--- Directions ---
Omit every picture, then return each line of the data below exactly.

--- Data ---

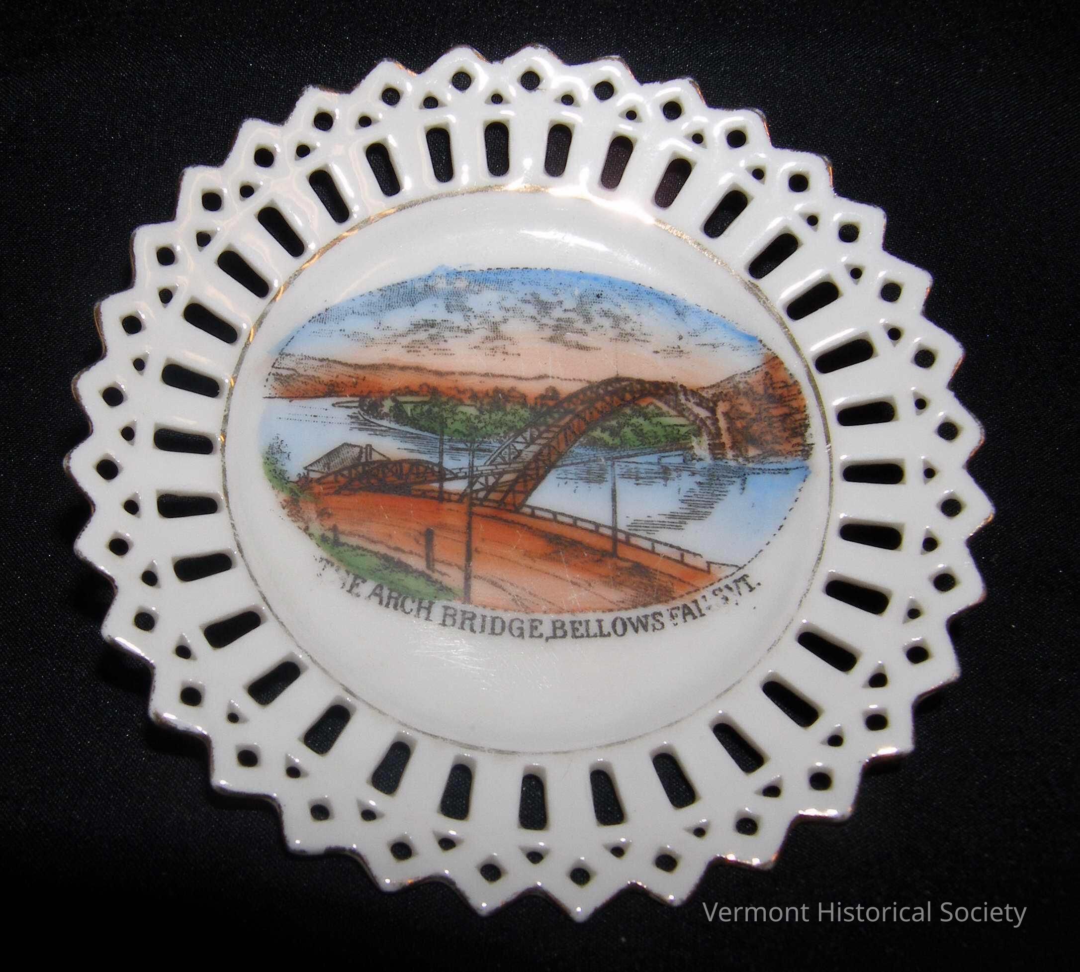 Small white saucer with pierced rim in a latticework pattern. The center is printed with a full-color illustration of a long, tied-arch bridge over a river. The illustration is labeled, "NEW IRON BRIDGE, BELLOWS FALLS, VT."
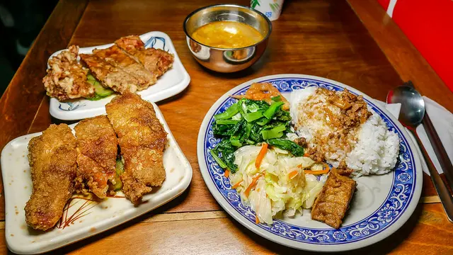 雖然《玉林雞腿大王》招牌上面寫著60年老店,但事實上從民國34到現在的《玉林雞腿大王》已經有70年以上的歷史,許多老台北人或觀光客還給與「台北最好吃的雞腿飯」稱號,在西門町雞腿飯與排骨飯的一級戰區裡面,《玉林雞腿大王》能生存那麼久,一定有其特色在,才能這麼讓那麼多人喜愛。西門町超過一甲子老店玉林雞腿大王西門町一帶賣雞腿飯跟排骨飯的真的不少,以前在這附近當兵也吃過幾家,東一排骨我只敢外帶,室內環境我覺得太悶,我真的不桿去,金滿園還沒吃過,但《玉林雞腿大王》點過幾次,當兵沒啥月薪水,吃超過100元的《玉林雞腿大王》便當也是偶爾心痛,但能開超過70年就是有它厲害的地方!《玉林雞腿大王》就在捷運西門站6號出口附近,步行約3到4分鐘。《玉林雞腿大王》不論內用還是外帶都有提供免費例湯,內用旁邊有碗可以使用,有塑膠碗跟不鏽鋼碗,不鏽鋼碗裝湯會很燙要小心使用,《玉林雞腿大王》的醬料也是在這一區,除了醬油、白醋、辣椒與胡椒之外,還有店內招牌的酸甜醬。好吃的台北雞腿飯玉林雞腿大王菜單價格玉林雞腿大王菜單就有分成內用跟外帶,主要就是外帶便當,主餐的部份就分成雞腿飯、排骨飯、鱈魚排飯與蝦捲飯四種,價格從130元到150元不等,都會附上三樣配菜,也可以做成酸菜麵,以雞腿便當或排骨便當來說,這個價格是算中上了啊,另外玉林雞腿大王菜單還有像是炸豆腐、花枝丸、甜不辣、杏鮑菇與燙青菜等等小菜。配菜與滷肉飯扣掉單點價格,配菜加上滷肉飯大概是60元,有滷肉飯跟三種配菜,老實說可以了啊!配菜看起來是乾淨的,味道上也沒有那糟糕,是可以的。滷肉飯還不錯還有辣菜脯,滷汁不是鹹甜濃厚那種,是比較偏乾一些的,有一點像是瓜仔肉飯的感覺,加上辣菜脯一起吃比較沒有那麼單調。雞腿飯 NT$150元/單點雞腿 NT$90元炸雞腿基本上沒有太大問題,雞腿處理的很好,裹粉也裹的很棒,整個炸衣很酥脆,光是吃皮的部份就有脆的聲音,很無敵啊!有做了一些調味,所以在味道上很足夠,雞腿肉本身也有少許肉汁感,不是那種炸到會鎖肉汁那種,但一定要淋上酸甜醬,入口的甘味會讓雞腿層次拉出來,最後還有酸的尾韻,是很推的雞腿。排骨飯 NT$140元/單點排骨 NT$80元排骨的肉偏薄一些,裹粉粿得很密,是從傳統那種,不會外層是外層肉是肉,咬起來是軟嫩的口感還帶著外層的脆,有微微的油耗味,加上特製的酸甜醬,吃起來比較甜一些,而且帶有濕潤感,口感上不完全是軟嫩,是有一點韌度,偏柴一些些,相較雞腿來說,我會比較喜歡雞腿。吃完《玉林雞腿大王》後覺得真的有中上水準,裹粉裹得超好的,不會皮是皮肉是肉,再來就是那個招牌酸甜醬,讓炸雞腿跟炸排骨吃起來不會太單調,只是《玉林雞腿大王》價格真的是偏高,幾乎是每年漲的態勢,這也是《玉林雞腿大王》最常被抱怨的事情,在現在人力跟食材成本都上漲的狀況下,餐點價格能不漲嗎?你們覺得這樣子漲價是合理的嗎?還是不合理?…查看更多
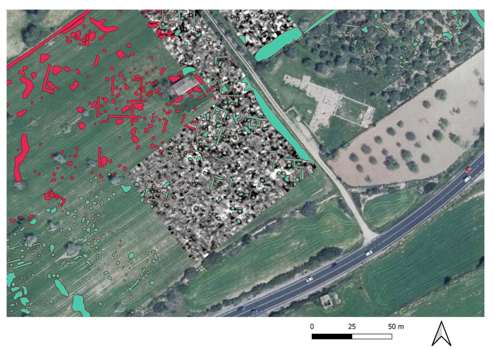 Les prospeccions geofísiques varen posar al descobert tota una sèrie de murs que conformen nous edificis i habitacions. En el plànol d’anomalies es veu clarament l’existència de murs i habitacions al voltant de la casa moderna dins aquesta parcel·la. A més, durant la campanya realitzada en el 2020 es va localitzar un sitjot en el límit de la parcel·la igual que els que hi ha a la parcel·la 103 que és propietat municipal. A les dues parcel·les que es volen adquirir per tant s’observen gran quantitat d’anomalies magnètiques que es corresponen amb parets, murs de fonamentació, forats de pal, tombes, concentracions d’objectes metàl·lics i ceràmics.

--- Output for this exercise ---
 Small white saucer with pierced rim in a latticework pattern. The center is printed with a full-color illustration of a long, tied-arch bridge over a river. The illustration is labeled, "NEW IRON BRIDGE, BELLOWS FALLS, VT."
 雖然《玉林雞腿大王》招牌上面寫著60年老店,但事實上從民國34到現在的《玉林雞腿大王》已經有70年以上的歷史,許多老台北人或觀光客還給與「台北最好吃的雞腿飯」稱號,在西門町雞腿飯與排骨飯的一級戰區裡面,《玉林雞腿大王》能生存那麼久,一定有其特色在,才能這麼讓那麼多人喜愛。西門町超過一甲子老店玉林雞腿大王西門町一帶賣雞腿飯跟排骨飯的真的不少,以前在這附近當兵也吃過幾家,東一排骨我只敢外帶,室內環境我覺得太悶,我真的不桿去,金滿園還沒吃過,但《玉林雞腿大王》點過幾次,當兵沒啥月薪水,吃超過100元的《玉林雞腿大王》便當也是偶爾心痛,但能開超過70年就是有它厲害的地方!《玉林雞腿大王》就在捷運西門站6號出口附近,步行約3到4分鐘。《玉林雞腿大王》不論內用還是外帶都有提供免費例湯,內用旁邊有碗可以使用,有塑膠碗跟不鏽鋼碗,不鏽鋼碗裝湯會很燙要小心使用,《玉林雞腿大王》的醬料也是在這一區,除了醬油、白醋、辣椒與胡椒之外,還有店內招牌的酸甜醬。好吃的台北雞腿飯玉林雞腿大王菜單價格玉林雞腿大王菜單就有分成內用跟外帶,主要就是外帶便當,主餐的部份就分成雞腿飯、排骨飯、鱈魚排飯與蝦捲飯四種,價格從130元到150元不等,都會附上三樣配菜,也可以做成酸菜麵,以雞腿便當或排骨便當來說,這個價格是算中上了啊,另外玉林雞腿大王菜單還有像是炸豆腐、花枝丸、甜不辣、杏鮑菇與燙青菜等等小菜。配菜與滷肉飯扣掉單點價格,配菜加上滷肉飯大概是60元,有滷肉飯跟三種配菜,老實說可以了啊!配菜看起來是乾淨的,味道上也沒有那糟糕,是可以的。滷肉飯還不錯還有辣菜脯,滷汁不是鹹甜濃厚那種,是比較偏乾一些的,有一點像是瓜仔肉飯的感覺,加上辣菜脯一起吃比較沒有那麼單調。雞腿飯 NT$150元/單點雞腿 NT$90元炸雞腿基本上沒有太大問題,雞腿處理的很好,裹粉也裹的很棒,整個炸衣很酥脆,光是吃皮的部份就有脆的聲音,很無敵啊!有做了一些調味,所以在味道上很足夠,雞腿肉本身也有少許肉汁感,不是那種炸到會鎖肉汁那種,但一定要淋上酸甜醬,入口的甘味會讓雞腿層次拉出來,最後還有酸的尾韻,是很推的雞腿。排骨飯 NT$140元/單點排骨 NT$80元排骨的肉偏薄一些,裹粉粿得很密,是從傳統那種,不會外層是外層肉是肉,咬起來是軟嫩的口感還帶著外層的脆,有微微的油耗味,加上特製的酸甜醬,吃起來比較甜一些,而且帶有濕潤感,口感上不完全是軟嫩,是有一點韌度,偏柴一些些,相較雞腿來說,我會比較喜歡雞腿。吃完《玉林雞腿大王》後覺得真的有中上水準,裹粉裹得超好的,不會皮是皮肉是肉,再來就是那個招牌酸甜醬,讓炸雞腿跟炸排骨吃起來不會太單調,只是《玉林雞腿大王》價格真的是偏高,幾乎是每年漲的態勢,這也是《玉林雞腿大王》最常被抱怨的事情,在現在人力跟食材成本都上漲的狀況下,餐點價格能不漲嗎?你們覺得這樣子漲價是合理的嗎?還是不合理?…查看更多
 Les prospeccions geofísiques varen posar al descobert tota una sèrie de murs que conformen nous edificis i habitacions. En el plànol d’anomalies es veu clarament l’existència de murs i habitacions al voltant de la casa moderna dins aquesta parcel·la. A més, durant la campanya realitzada en el 2020 es va localitzar un sitjot en el límit de la parcel·la igual que els que hi ha a la parcel·la 103 que és propietat municipal. A les dues parcel·les que es volen adquirir per tant s’observen gran quantitat d’anomalies magnètiques que es corresponen amb parets, murs de fonamentació, forats de pal, tombes, concentracions d’objectes metàl·lics i ceràmics.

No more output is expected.